I had this crazy nightmare last night that the "stray" cat that lives in our barn got ran over by a huge truck. The weird thing was is that her skin was split open, as if she was skinned alive, she had no other injurys. While I was handling her, my skin started to split open, as if it was "being ripped at the seams",  I stitched myself up with bright green thread and it quickly healed...

I seriously thought I was going to be sick after this dream. 
Anyway, any thoughts? It would be greatly appreciated =)

----------


## horsebucket

Damn thats a bad dream. Never had any dreams like that before. I can't think of any dreams where I got badly hurt apart from a dream where I had leprocy and my arm fell off. It does remind me of this horror style dream I had a while ago where this woman had turned into a zombie and she was infested with maggots and she was coming after me. Luckily I had a pitch fork to poke her so she couldn't get near me. It was real sick the way there were maggots crawling out of her though.

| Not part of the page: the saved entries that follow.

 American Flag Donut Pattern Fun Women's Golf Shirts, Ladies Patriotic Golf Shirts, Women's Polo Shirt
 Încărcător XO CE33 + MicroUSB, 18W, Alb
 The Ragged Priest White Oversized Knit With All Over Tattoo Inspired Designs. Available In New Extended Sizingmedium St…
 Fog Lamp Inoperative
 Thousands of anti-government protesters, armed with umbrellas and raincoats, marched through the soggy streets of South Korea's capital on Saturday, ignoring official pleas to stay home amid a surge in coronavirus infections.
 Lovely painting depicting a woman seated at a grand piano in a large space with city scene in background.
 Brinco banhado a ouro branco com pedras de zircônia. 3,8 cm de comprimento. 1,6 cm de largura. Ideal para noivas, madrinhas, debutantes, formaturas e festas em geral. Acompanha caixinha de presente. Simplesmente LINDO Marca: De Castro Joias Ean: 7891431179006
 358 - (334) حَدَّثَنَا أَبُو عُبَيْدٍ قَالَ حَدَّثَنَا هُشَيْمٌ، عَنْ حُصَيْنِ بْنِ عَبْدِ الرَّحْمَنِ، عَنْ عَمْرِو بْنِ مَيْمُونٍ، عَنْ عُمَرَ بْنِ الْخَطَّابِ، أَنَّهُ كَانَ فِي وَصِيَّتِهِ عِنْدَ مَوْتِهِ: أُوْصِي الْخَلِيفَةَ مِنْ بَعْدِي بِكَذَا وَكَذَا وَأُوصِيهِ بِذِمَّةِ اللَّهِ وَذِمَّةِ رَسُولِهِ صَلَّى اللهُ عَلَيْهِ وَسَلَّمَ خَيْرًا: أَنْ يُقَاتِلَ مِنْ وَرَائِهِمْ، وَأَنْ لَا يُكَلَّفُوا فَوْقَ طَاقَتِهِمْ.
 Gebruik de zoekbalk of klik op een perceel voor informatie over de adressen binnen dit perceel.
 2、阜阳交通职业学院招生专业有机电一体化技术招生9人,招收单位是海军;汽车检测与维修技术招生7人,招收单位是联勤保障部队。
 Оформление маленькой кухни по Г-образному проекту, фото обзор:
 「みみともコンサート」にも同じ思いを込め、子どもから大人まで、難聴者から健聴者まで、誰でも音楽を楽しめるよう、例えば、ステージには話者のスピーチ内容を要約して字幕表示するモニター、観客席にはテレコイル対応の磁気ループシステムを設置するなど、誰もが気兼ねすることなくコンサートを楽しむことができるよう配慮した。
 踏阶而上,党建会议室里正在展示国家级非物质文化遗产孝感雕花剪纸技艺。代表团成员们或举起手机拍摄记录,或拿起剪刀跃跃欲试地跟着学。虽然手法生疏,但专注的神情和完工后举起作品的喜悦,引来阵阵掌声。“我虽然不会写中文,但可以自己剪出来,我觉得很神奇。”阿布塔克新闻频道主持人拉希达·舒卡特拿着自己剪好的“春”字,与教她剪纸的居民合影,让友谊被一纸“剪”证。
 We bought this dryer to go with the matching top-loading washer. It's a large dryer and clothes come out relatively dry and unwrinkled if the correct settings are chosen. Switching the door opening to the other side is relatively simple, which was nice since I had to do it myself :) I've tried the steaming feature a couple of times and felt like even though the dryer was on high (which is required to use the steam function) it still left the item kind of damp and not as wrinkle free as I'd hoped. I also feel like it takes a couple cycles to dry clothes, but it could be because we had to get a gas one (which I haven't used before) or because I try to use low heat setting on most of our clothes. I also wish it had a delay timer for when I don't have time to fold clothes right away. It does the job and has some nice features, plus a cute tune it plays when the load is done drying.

Have you ever stitched yourself up in real life? I usually only do stuff I'm able to do in real life. I'd never be able to put in stitches.

----------


## sploosh

eww..I think I would have thrown up after having that dream...speaking of which, I've had some pretty rank and gory dreams right after this one...I was facing a building looking up  at the top..for what reason I had no idea until a man came falling through the air..it was really weird because everything stopped then it was in slowmotion..then he hit the sidewalk and literally splattered everywhere, a nasty, gory mess..I was sure I was going to vomit after that...

Before that one I dreamt I was watching people on a school bus...the driver wasn't paying attention and ran over a little girl. I could see her skull was split open, but she wasn't dead..blood was everywhere and people were screaming..finally an ambulance arived then one of the EMT's just said there wasn't anything they could do for her because she lost so much blood. They loaded her up and started to turn at an intersection, then a huge 16 wheeler hit them at full speed and the ambulance blew up =/ it wasn't pretty...

when I was younger I used to sew designs into the bottom of my feet...but I haven't done that in forever....sometimes what I do in my dreams are something that I've done in real life, but I wouldn't be able to explain the last two

----------